##### Dataset content
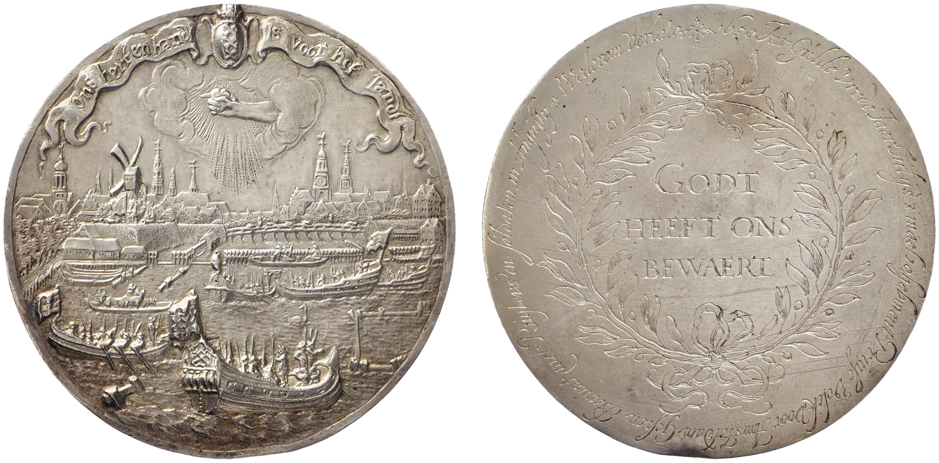 voorzijde: gezicht op Amsterdam vanaf de Amstel. Schepen met bewapende bemanning. Uit de wolken een arm, met een hart in de hand. Daarboven het wapen van Amsterdam in een banderol waarop een inscriptie.
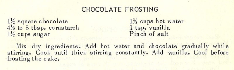 Mix dry ingredients. Add hot water and chocolate gradually while stirring. Cook until thick stirring constantly. Add vanilla. Cool before frosting the cake.
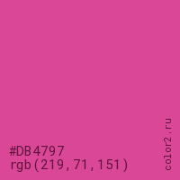 Цвет #DB4797 в цветовой модели RGB обозначается тремя октетами (219, 71, 151) в десятичном формате и #DB4797 в шестнадцатиричном (hex) формате, которые являются интенсивностью красного 219 (hex DB), интенсивность зелёного 71 (hex 47) и интенсивность синего 151 (hex 97).
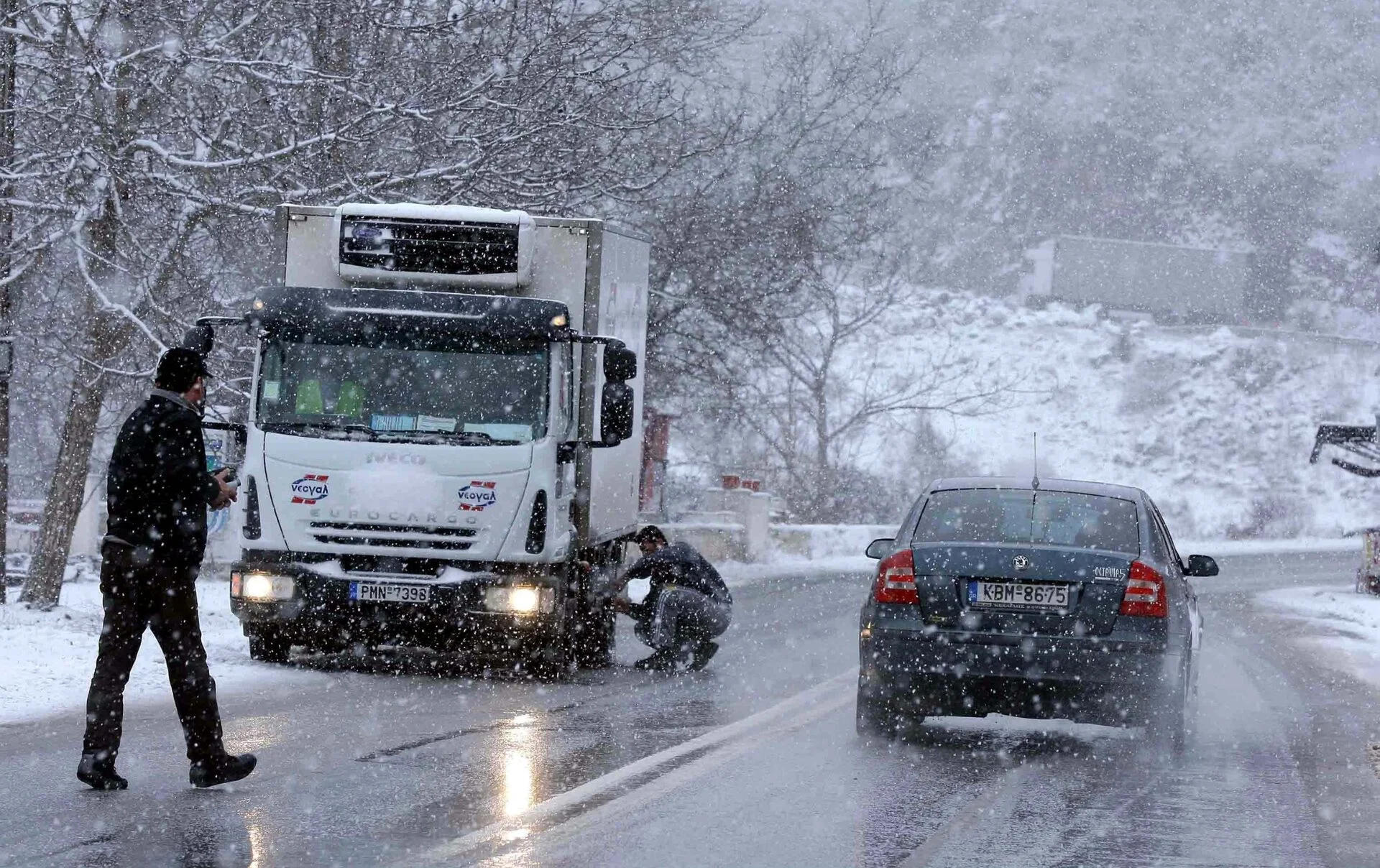 Σε αρκετά σημεία του οδικού δικτύου λόγω του χιονιού απαγορεύεται η κυκλοφορία βαρέων οχημάτων μέγιστου επιτρεπόμενου βάρους άνω των 3,5 τόνων.
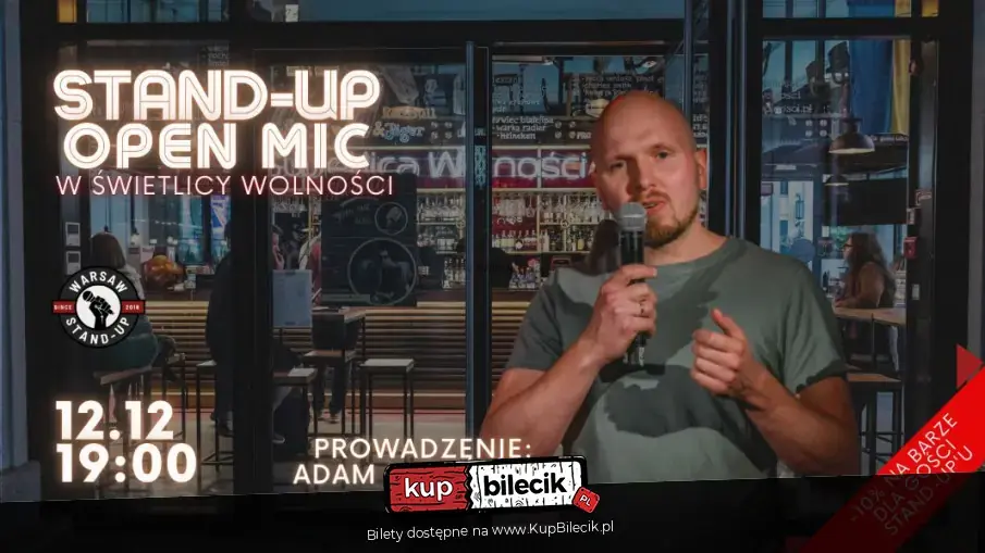 W każdy piątek o 19.00 zapraszamy Was na stand-up do Świetlicy Wolności. W ten piątek komicy będą testować swój materiał na otwartej scenie - na której każdy może spróbować swoich sił. Będzie to znakomita okazja do zobaczenia komedii na żywo.
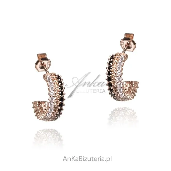 Kolczyki srebrne pozłacane różowym złotem z cyrkoniami
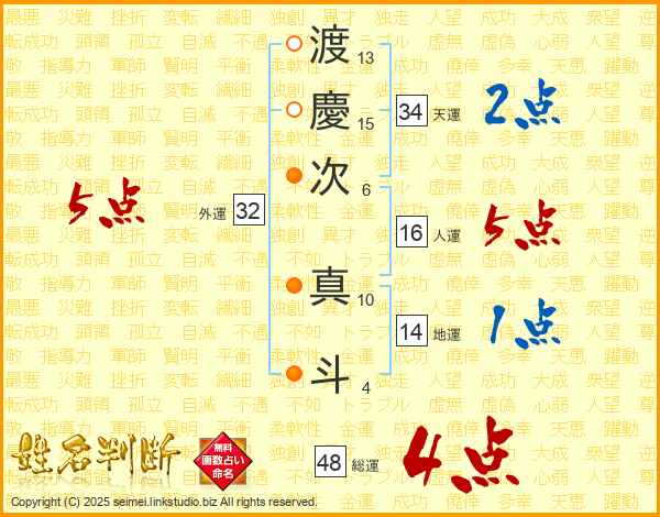 渡(13画)慶(15画)次(6画) 真(10画)斗(4画)
##########
_Task:_
Take every entry and repeat it verbatim, minus the pictures.

_Written solution:_
 voorzijde: gezicht op Amsterdam vanaf de Amstel. Schepen met bewapende bemanning. Uit de wolken een arm, met een hart in de hand. Daarboven het wapen van Amsterdam in een banderol waarop een inscriptie.
 Mix dry ingredients. Add hot water and chocolate gradually while stirring. Cook until thick stirring constantly. Add vanilla. Cool before frosting the cake.
 Цвет #DB4797 в цветовой модели RGB обозначается тремя октетами (219, 71, 151) в десятичном формате и #DB4797 в шестнадцатиричном (hex) формате, которые являются интенсивностью красного 219 (hex DB), интенсивность зелёного 71 (hex 47) и интенсивность синего 151 (hex 97).
 Σε αρκετά σημεία του οδικού δικτύου λόγω του χιονιού απαγορεύεται η κυκλοφορία βαρέων οχημάτων μέγιστου επιτρεπόμενου βάρους άνω των 3,5 τόνων.
 W każdy piątek o 19.00 zapraszamy Was na stand-up do Świetlicy Wolności. W ten piątek komicy będą testować swój materiał na otwartej scenie - na której każdy może spróbować swoich sił. Będzie to znakomita okazja do zobaczenia komedii na żywo.
 Kolczyki srebrne pozłacane różowym złotem z cyrkoniami
 渡(13画)慶(15画)次(6画) 真(10画)斗(4画)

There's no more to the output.